At length, and with every bit of courage I could ignite in my humble soul, I stood and gave chase. Outside, I saw no sign of the thing to whom I had given my wife. Yet, I knew instinctively where to find them both.

I found that same pool of darkness between the houses, and there the thing was digging down into the ground. Two bodies were strewn over the lawn beside it: Both Emma and the man I perceived to be her lover this evening. They were stretched motionless – almost as if in death – in the gloom.

“No!” I cried out, but the thing merely shook its head. In that moment back in the bedroom, I had already given my answer: “Yes,” my eyes must have pleaded, “Yes take this filth and be done with it!”

I started toward them, determined to save my wife from that thing. It raised its head and lowered its jaw and hissed at me angrily, and its foul breath alone kept me in check. I could not fight it: It was rage itself that had crept up from the depths of the night.

A moment of anger, of hate, of jealousy could not be reversed by a lifetime of forgiveness.
A second later and they were gone.

They dug the bodies up several months ago.

The trial was swift, and I cannot argue with the verdict. Though I did not place them in their graves, I may as well have.

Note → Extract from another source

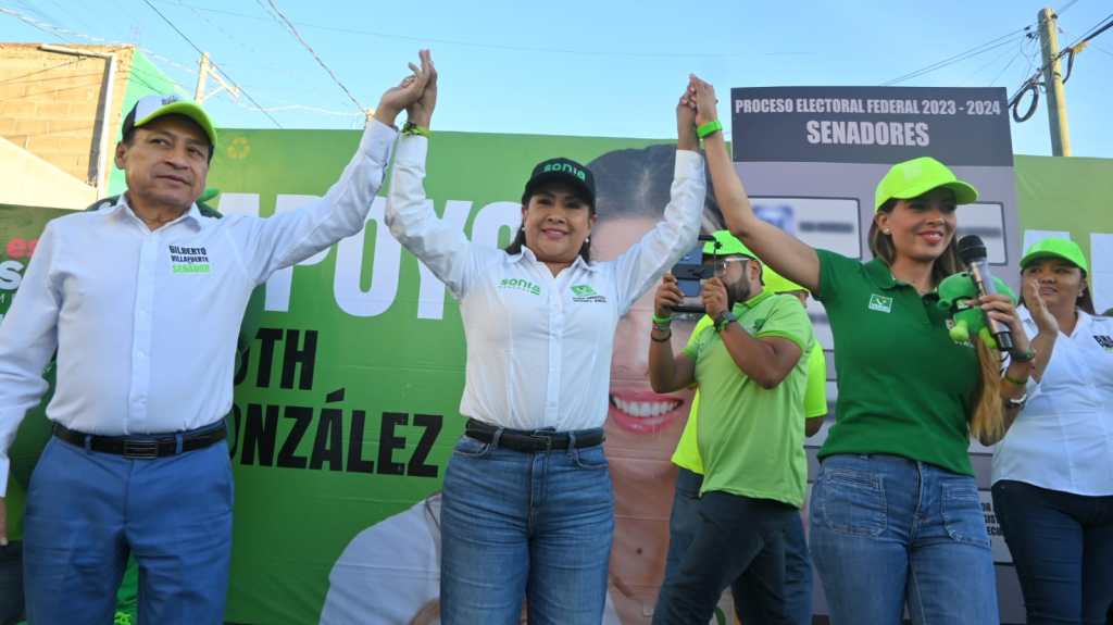 En este recorrido, Sonia Mendoza estuvo acompañada de la candidata al Senado, Ruth González, quienes pidieron el voto cinco de cinco para los candidatos y candidatas del Partido Verde, «porque las cosas sí se pueden hacer y hacer bien».
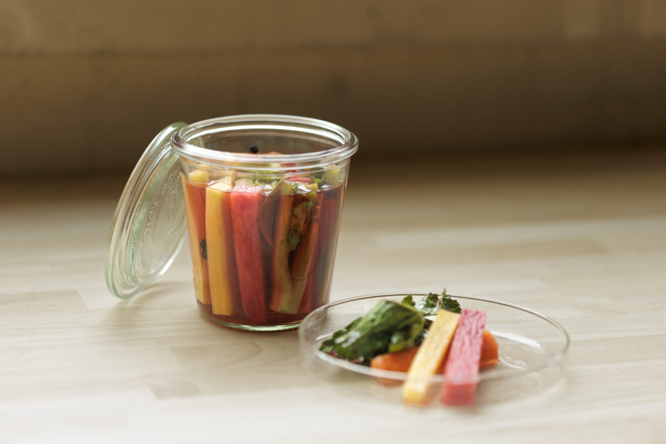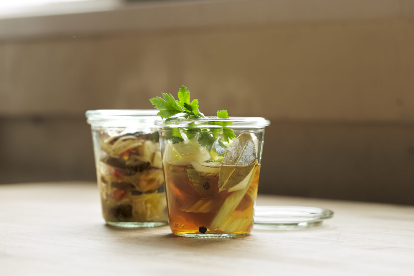 晩ごはんの余りものや、休日に作り置きするおかず。WECKのガラス容器に入れれば、きのこのマリネも、セロリのピクルスも、ひじきの煮物や、青菜のごま和えだって、すてきな瓶詰めのよう。見た目の揃った瓶で、冷蔵庫内がすっきり整います。

The image of that vile beast still haunts my dreams. It visits me not long after dusk, burrowing into my soul and chiding me. It tells me I made the right decision; mocks me for doubting myself now. Not a night goes by that I don’t awake screaming, sweat pouring down my face, fingers digging into the mattress. Over and over again I play out the events of that evening, and still I cannot change their course.

But there is more.

Though it does not utter a word of it, I know that it has designs on my body and soul. In that moment of weakness, when I so foolishly forfeited the life of my wife, I sentenced myself to a horrible fate. After mortal justice has extracted its vengeance, my punishment will have only just begun.

No, it is not that the thing taunts me so that frightens me now, here on death row. It is that which I see staring back from the mirror each day that chills my blood and shreds my sanity.

For in the abyss of night, when I gaze at my reflection, I see two dull red embers of a dying fire peering back at me.